Children and parents benchmarked asthma control based on their previous experience of symptoms. They regarded asthma control as good when symptoms were less than previously, and some parents accepted mild asthma symptoms, e.g., daily cough and limitation to physical activity as normal for a child with asthma. Thus, they perceived their children’s asthma is only mild; hence, there was no need to follow up or use preventer medication.

My child’s one(asthma) is mild….when he coughs, I know he is going to get asthma. But it can disappear again… (FGD4P, M16, Malay, 40 years old, mother of C15, C15 had well-controlled asthma)

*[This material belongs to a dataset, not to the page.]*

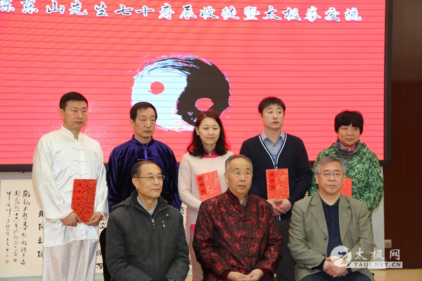 自上世纪90年代初,先生先后在中华武术杂志,太极拳年会上发表《论关于太极拳源流新说法》、《陈氏太极拳图说与陈鑫》、《太极拳发展的哲学思考》、《陈王廷与中国太极拳》、《太极拳焦点辩证考》、《杜元化应属陈氏太极拳再传弟子》、《略谈陈氏太极拳小架之特点》等10多篇正本清源的论文。在深入研究和论证太极拳源流的基础上,以确凿的史实为论据,对有关假托附会之说作了有力的辩驳。其中多篇论文分别获一、二等奖。1996年被国际太极拳年会授予“名师”称号。2010年率队参加陕西省老年武术邀请赛,获太极拳传统套路金奖。 2005年先生结束了在陕西省政府办公厅机关的工作,退休后的先生却一直不忘对陈式太极拳传承和发展,其年对陈鑫原著《陈氏太极拳图说》、《太极拳图画讲义》进行断句、点校出版发行。2008年在西安组织并举办纪念陈鑫诞辰160周年大型纪念活动,同时出版发行《陈氏太极拳小架发展与传承》画册。2010年与侄儿向武共同撰写《陈鑫太极拳法图解》,为太极拳爱好者研习其家传绝学提供方便。 2007年至今,先生先后在西安、北京、北戴河、国防大学、军事科学院、总参疗养院、指挥学院等地义务传授家传绝学,并在陈家沟开设陈家沟太极拳精修学院,为广大的太极拳爱好者传授太极拳技艺,受到武林同道的极高赞赏。 著名书法家毛主席秘书高智老先生、石宪章、胡明军、宋厚晨、张忠和、王景耀、中央文史馆刘松林以及田东海、赵栋梁、张荣等曾先后为先生弘扬太极文化题词。其中“清正为本,一身正气,两袖清风”用以歌颂先生一生刚正不阿的品质,以及先生为保护传承太极拳文化所做出的杰出贡献。 别看先生已年过七十,但却壮志不减,依就不忘父亲当年对他的教诲,重振家业。现在,先生又在着手修建陈鑫父祖三代故居。先生说,他要让陈式太极拳文化像中国的航空母舰一样,走的更远,让太极拳这个大旗飘得更高。 陈东山先生和新收弟子合影 |

However, children and parents were mismatched in terms of understanding of asthma control. In this example, the child felt her asthma was uncontrolled, while the mother felt the control was better.

I think my asthma is not okay… I can’t sleep at night…. (FGD3C, C8, female, 12 years old, uncontrolled asthma)

Since she has grown older, I think her asthma has improved…. (FGD2P, M9, Malay, 46 years old, mother of C8, C8 had uncontrolled asthma)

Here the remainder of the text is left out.